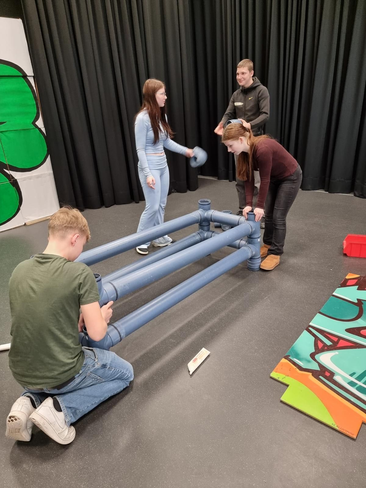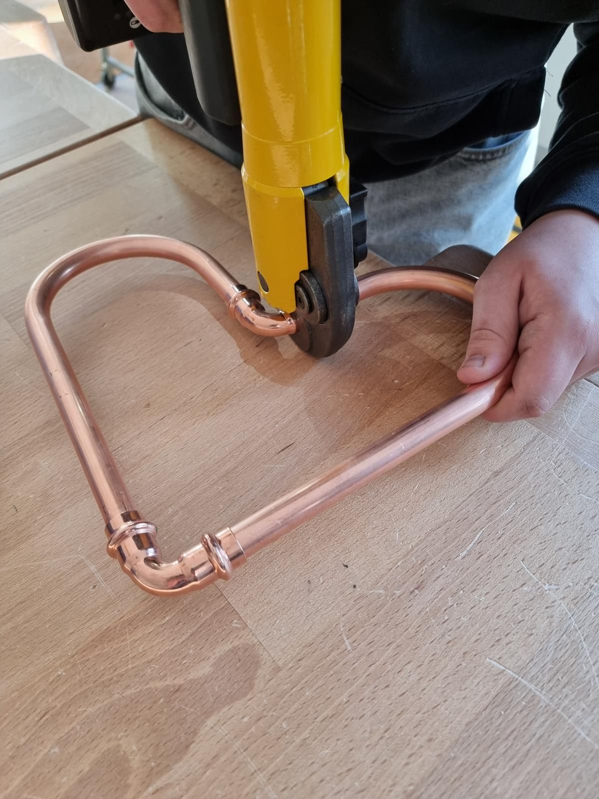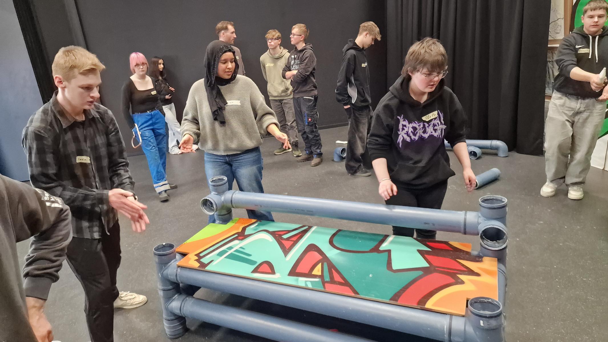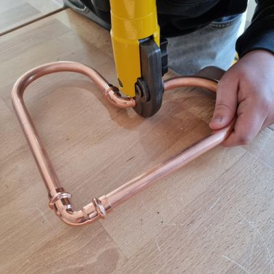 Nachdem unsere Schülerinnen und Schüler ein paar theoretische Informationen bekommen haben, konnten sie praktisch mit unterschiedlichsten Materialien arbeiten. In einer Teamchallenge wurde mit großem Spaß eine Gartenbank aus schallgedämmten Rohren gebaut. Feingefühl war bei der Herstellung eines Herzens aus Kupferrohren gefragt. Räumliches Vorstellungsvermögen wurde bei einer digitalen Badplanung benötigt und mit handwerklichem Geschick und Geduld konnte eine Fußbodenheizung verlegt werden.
==
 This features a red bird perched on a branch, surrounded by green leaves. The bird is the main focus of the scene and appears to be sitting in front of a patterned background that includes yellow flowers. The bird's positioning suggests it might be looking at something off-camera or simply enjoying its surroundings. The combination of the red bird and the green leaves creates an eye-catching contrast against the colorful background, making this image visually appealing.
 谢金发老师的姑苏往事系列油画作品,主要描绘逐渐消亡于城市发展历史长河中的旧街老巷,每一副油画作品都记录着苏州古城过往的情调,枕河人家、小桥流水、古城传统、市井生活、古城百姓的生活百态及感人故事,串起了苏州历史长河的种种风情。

- [Directions for this task]: Starting at the line above that contains "This features a", write out each line exactly until the line that contains "谢金发老师的姑苏往事系列油画" has been written, and stop there.

- [Task answer]:
 This features a red bird perched on a branch, surrounded by green leaves. The bird is the main focus of the scene and appears to be sitting in front of a patterned background that includes yellow flowers. The bird's positioning suggests it might be looking at something off-camera or simply enjoying its surroundings. The combination of the red bird and the green leaves creates an eye-catching contrast against the colorful background, making this image visually appealing.
 谢金发老师的姑苏往事系列油画作品,主要描绘逐渐消亡于城市发展历史长河中的旧街老巷,每一副油画作品都记录着苏州古城过往的情调,枕河人家、小桥流水、古城传统、市井生活、古城百姓的生活百态及感人故事,串起了苏州历史长河的种种风情。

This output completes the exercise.